Data extracted from a collection
......

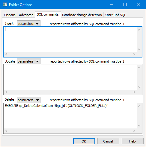 If you want to use a specific SQL Command for Insert, Update or Delete SQL statement, enter the SQL in the Insert, Update or Delete edit box.
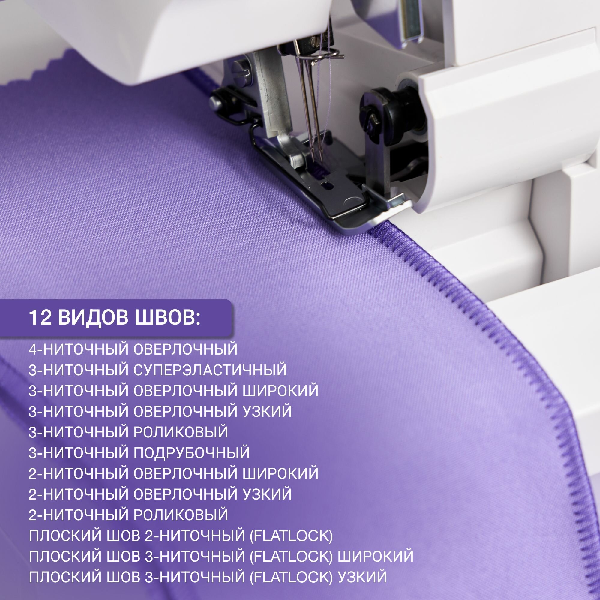 | Вид оверлока | 2х ниточный, 3х ниточный, 4х ниточный |
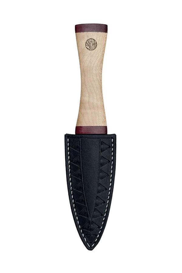 This Sgian Dubh features a striking handle crafted from Sycamore and Purpleheart wood, a combination that highlights the contrast between the pale warmth of Sycamore and the rich, vibrant tones of Purpleheart. Paired with a premium Wild River Forge blade and a sleek black leather sheath.
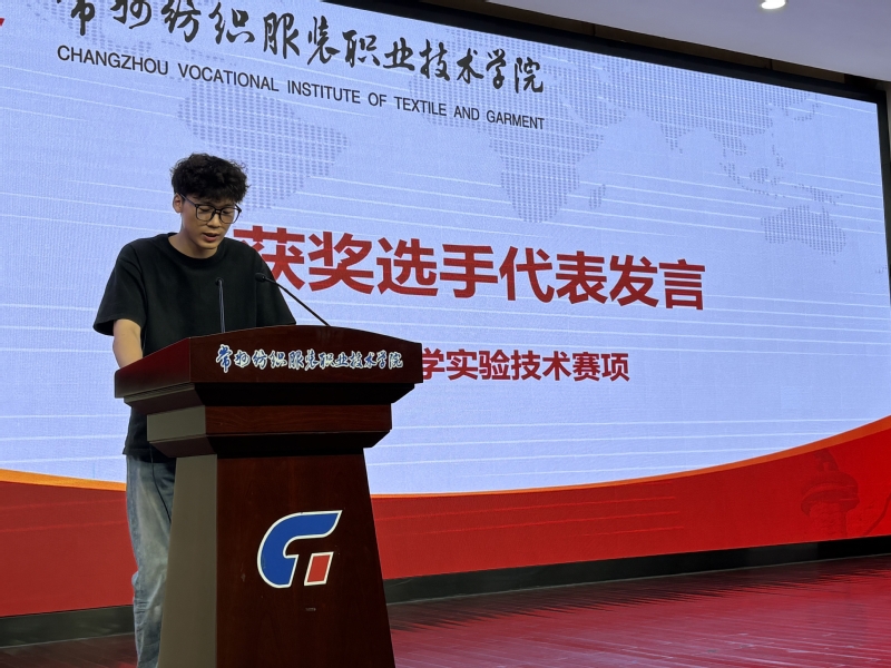 在经验分享环节,省技能大赛获奖选手代表依次登台发言。纺织品检验与贸易赛项获奖选手施睿明同学表示,备赛过程不仅强化了专业技能,更锤炼了团队协作与抗压能力;化学实验技术赛项获奖选手孙德政同学则从细节出发,分享了实验设计与操作规范的重要性;环境检测与监测赛项获奖选手陆寒松同学则从“实战应变”角度出发,剖析了现场突发问题处理的策略。指导教师代表周子涵博士,提出“以赛为镜、以技为媒”的教学理念,强调竞赛对教学反馈的积极作用,并呼吁更多教师参与指导,助力学生突破自我。
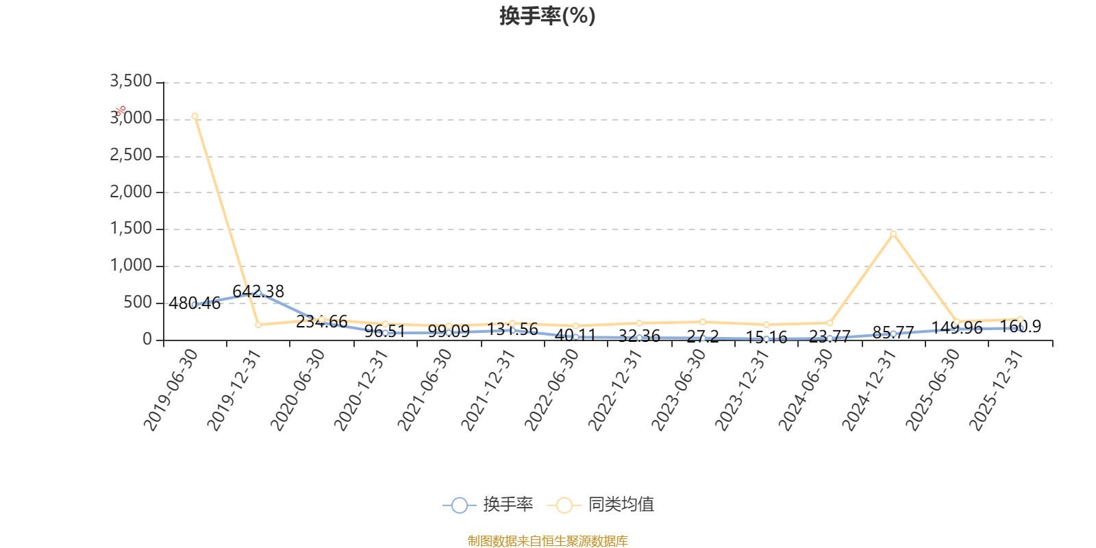 截至2025年12月31日,基金最近一年换手率约301.41%,持续6年低于同类均值。
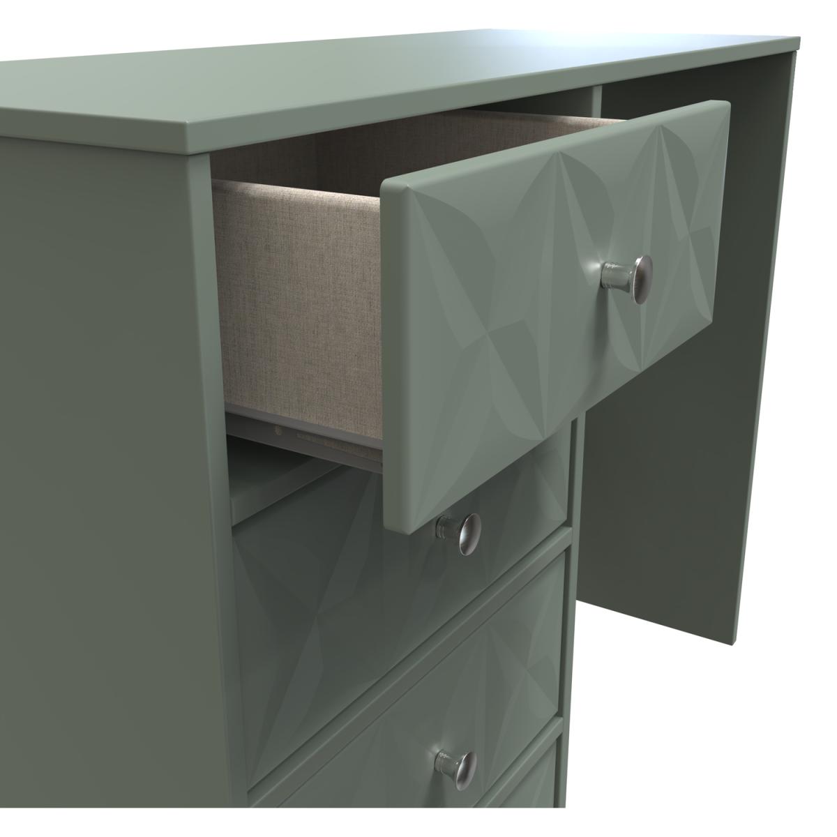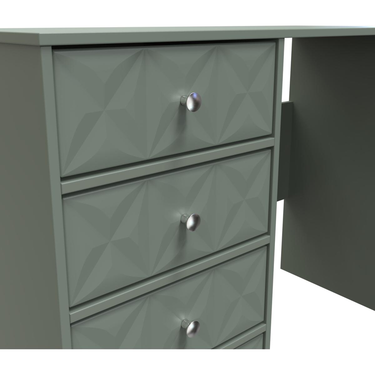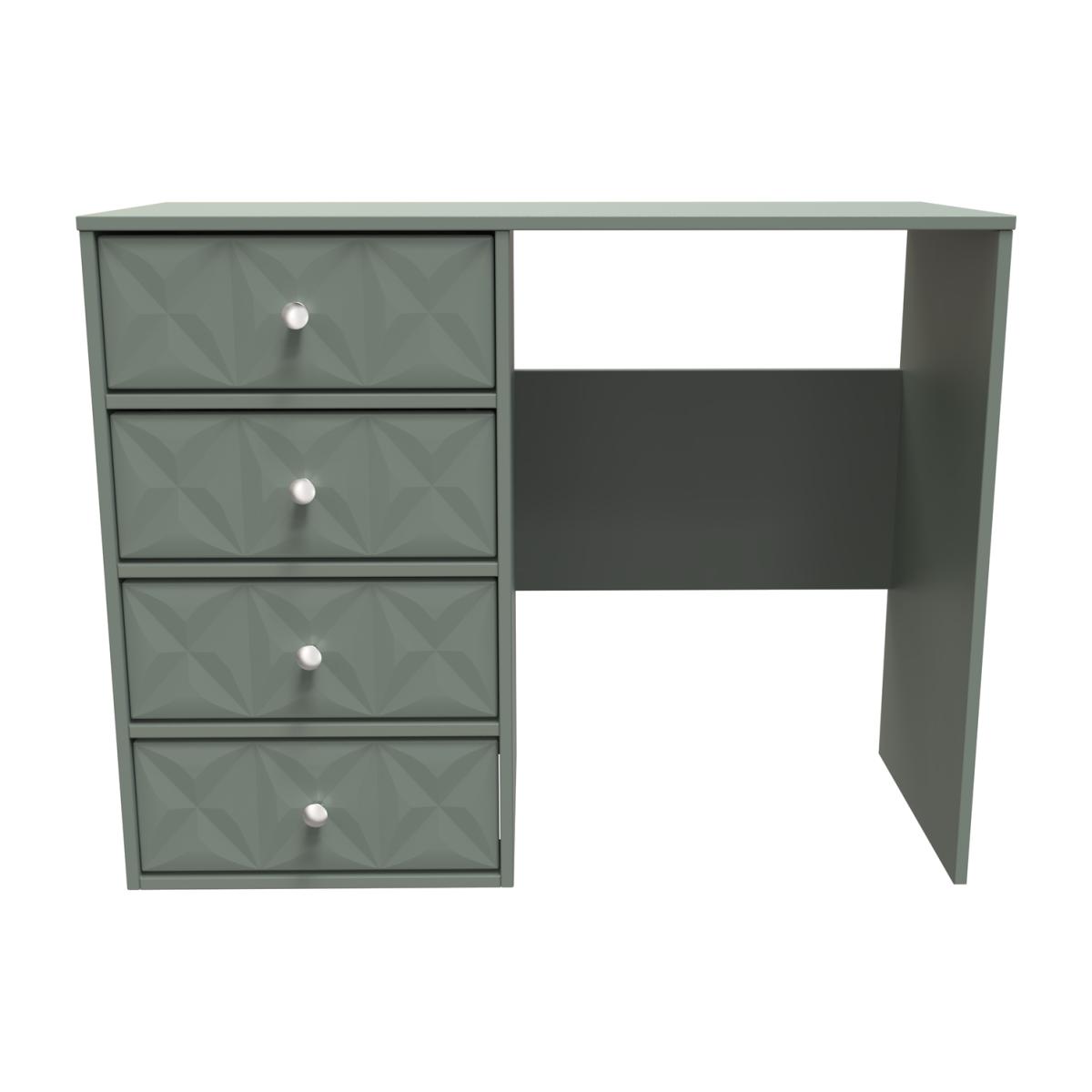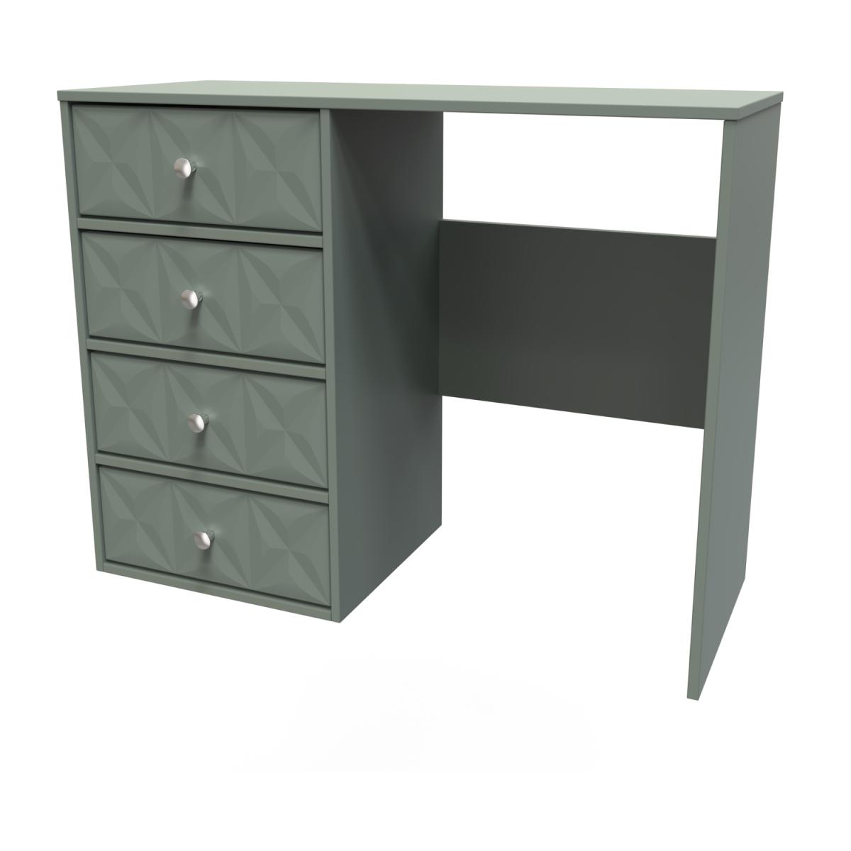 This 4 Drawer Vanity Desk is equally at home in the bedroom or the office. A modern and distinctive range. Named for the unique "Pixel" patten of the drawer and door fronts. Also features Black Metal Handles and Black Hairpin Legs. Comes in a wide range of colours including eye cathching two tone colour combinations. All our furniture is made in the United Kingdom, to the highest quality. It is delivered direct to your location of choice by one of our two man delivery teams, and come full assembled (although legs may be removed to prevent damage in transit).

......

▶ Assignment: A word-for-word repeat of the lines from the line with "4х ниточный |" to the last line of the data, both ends included and pictures left out, is all that should appear.

▶ Result:
 | Вид оверлока | 2х ниточный, 3х ниточный, 4х ниточный |
 This Sgian Dubh features a striking handle crafted from Sycamore and Purpleheart wood, a combination that highlights the contrast between the pale warmth of Sycamore and the rich, vibrant tones of Purpleheart. Paired with a premium Wild River Forge blade and a sleek black leather sheath.
 在经验分享环节,省技能大赛获奖选手代表依次登台发言。纺织品检验与贸易赛项获奖选手施睿明同学表示,备赛过程不仅强化了专业技能,更锤炼了团队协作与抗压能力;化学实验技术赛项获奖选手孙德政同学则从细节出发,分享了实验设计与操作规范的重要性;环境检测与监测赛项获奖选手陆寒松同学则从“实战应变”角度出发,剖析了现场突发问题处理的策略。指导教师代表周子涵博士,提出“以赛为镜、以技为媒”的教学理念,强调竞赛对教学反馈的积极作用,并呼吁更多教师参与指导,助力学生突破自我。
 截至2025年12月31日,基金最近一年换手率约301.41%,持续6年低于同类均值。
 This 4 Drawer Vanity Desk is equally at home in the bedroom or the office. A modern and distinctive range. Named for the unique "Pixel" patten of the drawer and door fronts. Also features Black Metal Handles and Black Hairpin Legs. Comes in a wide range of colours including eye cathching two tone colour combinations. All our furniture is made in the United Kingdom, to the highest quality. It is delivered direct to your location of choice by one of our two man delivery teams, and come full assembled (although legs may be removed to prevent damage in transit).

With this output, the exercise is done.